Tan^2(A)*Sec^2(A) - Sec^2(A) + 1 = Tan^4(A)

 

ANSWER -

 

[ Sin^2(A) + Cos^2(A) = 1 ]

[ Cos^2(A) = 1 - Sin^2(A) ]

[ Sin^2(A) = 1 - Cos^2(A) ]

[ Tan(A) = Sin(A) / Cos(A) ]

[ Sec(A) = 1 / Cos(A) ]

 

 

[ Tan^2(A)*Sec^2(A) - Sec^2(A) + 1

= (Sin^2(A) / Cos^2(A))*(1 / Cos^2(A)) - (1 / Cos^2(A)) + 1

= (Sin^2(A) / Cos^4(A)) - (1 / Cos^2(A)) + 1

= (Sin^2(A) / Cos^4(A)) - (Cos^2(A) / Cos^4(A)) + 1

= (Sin^2(A) / Cos^4(A)) - (Cos^2(A) / Cos^4(A)) + (Cos^4(A) / Cos^4(A))

= (Sin^2(A) - Cos^2(A) + Cos^4(A)) / Cos^4(A)

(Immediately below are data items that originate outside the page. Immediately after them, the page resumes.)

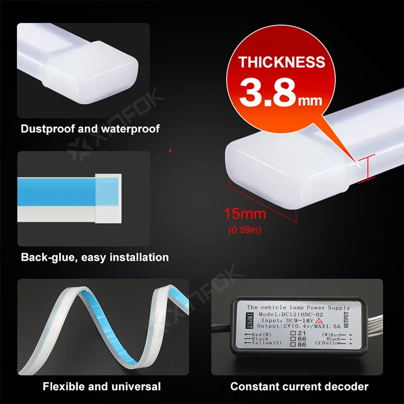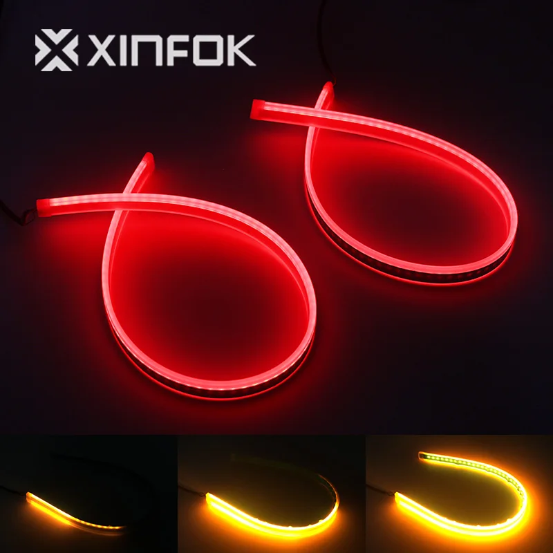 Потока сигнал поворота, стоп-сигналы, DC 12 В, белый красный лед-синий желтый Универсальный Водонепроницаемый гибкий светодиодный DRL Габаритные огни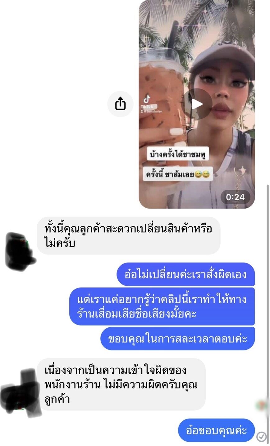 แต่กลับมีชาวเน็ตเข้ามาคอมเม้นต์โดยใช้ถอยทำรุนแรงต่างๆ นานา ซึ่งตนก็ไม่รู้ว่าได้ทำผิดอะไรถึงได้เข้ามาต่อว่าขนาดนี้ แต่พอเริ่มจับใจความได้จึงรู้ว่า ตนใช้คำพูดผิดเกี่ยวกับการสั่งสินค้าผิด คือถ้าสั่งชานมไข่มุกทางร้านสะดวกซื้อจะทำชาไทย (สีส้ม) มาให้ แต่จริงๆ คือตนอยากกิน "ชานมไต้หวันไข่มุก" ซึ่งเป็นการเข้าใจผิด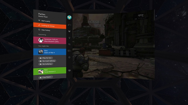Por enquanto, essa será a única maneira de aproveitar algum tipo de imersão nos títulos para Xbox. E, mesmo assim, será uma experiência adaptada: nenhum jogo do console da Microsoft (ou de qualquer outro) oferece suporte completo a realidade virtual. O resultado é uma espécie de "sala" para jogar jogos em 2D, sem interferência do ambiente externo.

= ((1 - Cos^2(A)) - Cos^2(A) + Cos^4(A)) / Cos^4(A)

= (1 - 2*Cos^2(A) + Cos^4(A)) / Cos^4(A)

= (1 - 2*Cos^2(A) + (Cos^2(A))^2) / Cos^4(A)

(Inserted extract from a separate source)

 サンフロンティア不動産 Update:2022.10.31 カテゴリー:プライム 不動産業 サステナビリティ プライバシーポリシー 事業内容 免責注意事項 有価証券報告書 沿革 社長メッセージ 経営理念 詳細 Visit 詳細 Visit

= (1 - 2*Cos^2(A) + (1 - Sin^2(A))^2) / Cos^4(A)

= (1 - 2*Cos^2(A) + 1 - 2*Sin^2(A) + Sin^4(A)) / Cos^4(A)

= (2 - 2*Cos^2(A) - 2*Sin^2(A) + Sin^4(A)) / Cos^4(A)

= (2*(1 - (Cos^2(A) + Sin^2(A)) + Sin^4(A)) / Cos^4(A)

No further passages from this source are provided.